Part I presents a historical snapshot of fair housing law and policy in the Jim Crow North. Part II examines the federal legal response to residential discrimination and segregation nationwide. Part III explains the theory and methodology for calculating favorable outcomes made by federal, state, and local governments in Northeastern Title VIII complaints. Part IV provides the results of the favorable outcome analysis for Black and Latinx Americans. Part V spotlights New York and New Jersey to better understand their low rates of favorable outcomes in Fair Housing Act complaints. The conclusion discusses the study’s findings and suggests some explanations.
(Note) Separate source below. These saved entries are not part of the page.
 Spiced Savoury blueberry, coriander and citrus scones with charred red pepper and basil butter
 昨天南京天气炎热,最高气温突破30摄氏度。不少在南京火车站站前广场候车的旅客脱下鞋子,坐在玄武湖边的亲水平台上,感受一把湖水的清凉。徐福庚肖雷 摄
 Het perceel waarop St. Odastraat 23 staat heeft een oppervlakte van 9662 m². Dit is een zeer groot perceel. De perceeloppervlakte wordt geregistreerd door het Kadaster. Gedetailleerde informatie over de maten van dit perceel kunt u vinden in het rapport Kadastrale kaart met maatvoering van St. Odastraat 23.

The analysis leads to three key takeaways. First, it reveals considerable variations in favorable outcomes across the Jim Crow North, even between adjacent states with similar demographic traits. Such outcome variations suggest that governmental jurisdictions’ support for Title VIII complainants can differ noticeably and that the region, state, or locality in which a person files a Fair Housing Act complaint makes a difference. Second, Black complainants are most likely to win their Title VIII claims in federal Region I (Connecticut, Maine, Massachusetts, New Hampshire, Rhode Island, and Vermont). In contrast, Latinx people are most likely to obtain favorable outcomes in federal Region III (Delaware, Maryland, Pennsylvania, Virginia, and West Virginia). Third, Black and Latinx complainants are least likely to win Title VIII claims in federal Region II, which consists of New York and New Jersey.
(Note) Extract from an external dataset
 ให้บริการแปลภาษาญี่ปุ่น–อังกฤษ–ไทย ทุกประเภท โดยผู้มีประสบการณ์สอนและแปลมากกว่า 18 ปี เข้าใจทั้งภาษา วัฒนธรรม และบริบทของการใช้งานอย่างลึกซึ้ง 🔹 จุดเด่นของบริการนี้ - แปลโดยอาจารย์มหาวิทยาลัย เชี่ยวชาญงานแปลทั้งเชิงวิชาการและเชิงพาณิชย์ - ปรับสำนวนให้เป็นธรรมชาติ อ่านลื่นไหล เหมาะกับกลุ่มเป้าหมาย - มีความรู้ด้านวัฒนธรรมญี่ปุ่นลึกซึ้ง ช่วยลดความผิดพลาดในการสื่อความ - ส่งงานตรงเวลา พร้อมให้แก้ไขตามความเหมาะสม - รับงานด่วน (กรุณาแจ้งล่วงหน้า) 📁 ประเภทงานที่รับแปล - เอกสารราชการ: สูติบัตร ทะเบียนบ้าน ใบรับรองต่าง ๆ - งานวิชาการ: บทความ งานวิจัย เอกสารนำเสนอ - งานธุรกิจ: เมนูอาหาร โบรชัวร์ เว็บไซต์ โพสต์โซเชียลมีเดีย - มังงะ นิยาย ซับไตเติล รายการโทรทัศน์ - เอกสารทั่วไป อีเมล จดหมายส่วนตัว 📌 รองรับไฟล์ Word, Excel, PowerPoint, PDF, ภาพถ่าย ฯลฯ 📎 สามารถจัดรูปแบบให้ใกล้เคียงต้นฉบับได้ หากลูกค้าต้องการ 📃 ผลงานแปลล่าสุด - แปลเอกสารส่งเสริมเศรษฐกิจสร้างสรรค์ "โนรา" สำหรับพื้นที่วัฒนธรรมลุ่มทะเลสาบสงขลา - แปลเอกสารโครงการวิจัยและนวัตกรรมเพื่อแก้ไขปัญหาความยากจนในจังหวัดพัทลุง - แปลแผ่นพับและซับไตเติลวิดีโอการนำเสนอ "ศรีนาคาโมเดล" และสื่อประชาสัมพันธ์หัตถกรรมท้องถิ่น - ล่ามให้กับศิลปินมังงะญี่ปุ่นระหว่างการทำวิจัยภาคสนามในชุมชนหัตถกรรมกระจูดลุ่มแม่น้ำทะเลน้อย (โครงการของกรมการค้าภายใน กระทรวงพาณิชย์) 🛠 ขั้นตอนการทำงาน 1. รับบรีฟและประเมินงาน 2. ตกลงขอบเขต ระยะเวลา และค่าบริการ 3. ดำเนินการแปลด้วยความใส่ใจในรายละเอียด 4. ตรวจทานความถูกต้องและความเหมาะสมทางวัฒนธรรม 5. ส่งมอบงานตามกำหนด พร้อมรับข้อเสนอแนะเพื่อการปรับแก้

Because of this third finding, the Article then explores aspects of law, race relations, and public policy in New York and New Jersey to help explain their low rates of favorable outcomes in Fair Housing Act complaints. Four facts about New York and New Jersey are considered: their comparatively high levels of (1) residential, (2) school, and (3) economic segregation, as well as (4) their lack of local jurisdictions participating in HUD’s Fair Housing Assistance Program (FHAP). Our analysis assumes that if subnational governmental decisions primarily represent the demands of people and groups with the most influence at the state and local levels, and if residential, educational, and economic segregation are the preference of many people and groups in New York and New Jersey, civil rights agencies in these states will likely respond by deciding a relatively low percentage of Fair Housing Act complaints in favor of Black and Latinx complainants. Because of data limitations, the analysis cannot directly measure the individual effects of residential, educational, or economic segregation on the decisions of FHAP agencies, so it cannot prove that one or more of these four factors cause Region II’s low favorability rates. Nonetheless, the results suggest that such a causal link is plausible.
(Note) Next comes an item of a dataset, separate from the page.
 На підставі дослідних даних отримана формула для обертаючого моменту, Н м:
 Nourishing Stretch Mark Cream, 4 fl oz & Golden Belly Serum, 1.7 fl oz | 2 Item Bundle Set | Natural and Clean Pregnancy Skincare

Given this conclusion, this Article proposes four recommendations for Region II. First, working closely with HUD, governors, mayors, and business leaders, New York and New Jersey should develop new incentive programs to dramatically increase the number of certified local FHAP agencies. Second, Congress and the current presidential administration should make certain that funds and other resources are available to new local FHAP agencies in New York and New Jersey to enforce the Fair Housing Act effectively. Third, HUD should play an aggressive role in helping all local jurisdictions in New York and New Jersey participate in FHAP, including the drafting of new local fair housing laws that are substantially equivalent to Title VIII. Finally, Congress and HUD should hold all FHAP agencies to a higher standard of enforcement performance in race and national origin Title VIII cases generally. Unfortunately, in light of the re-election of President Donald Trump in 2024, these recommendations must await a future administration and a Congress far more sympathetic toward fair housing rights. There is a reasonable chance that fair housing law and policy in the United States will experience turmoil throughout the remainder of the second Trump administration, and perhaps beyond. Depending on what occurs over the next few years, some of the progress made in equal housing opportunity over the past seven decades is in jeopardy.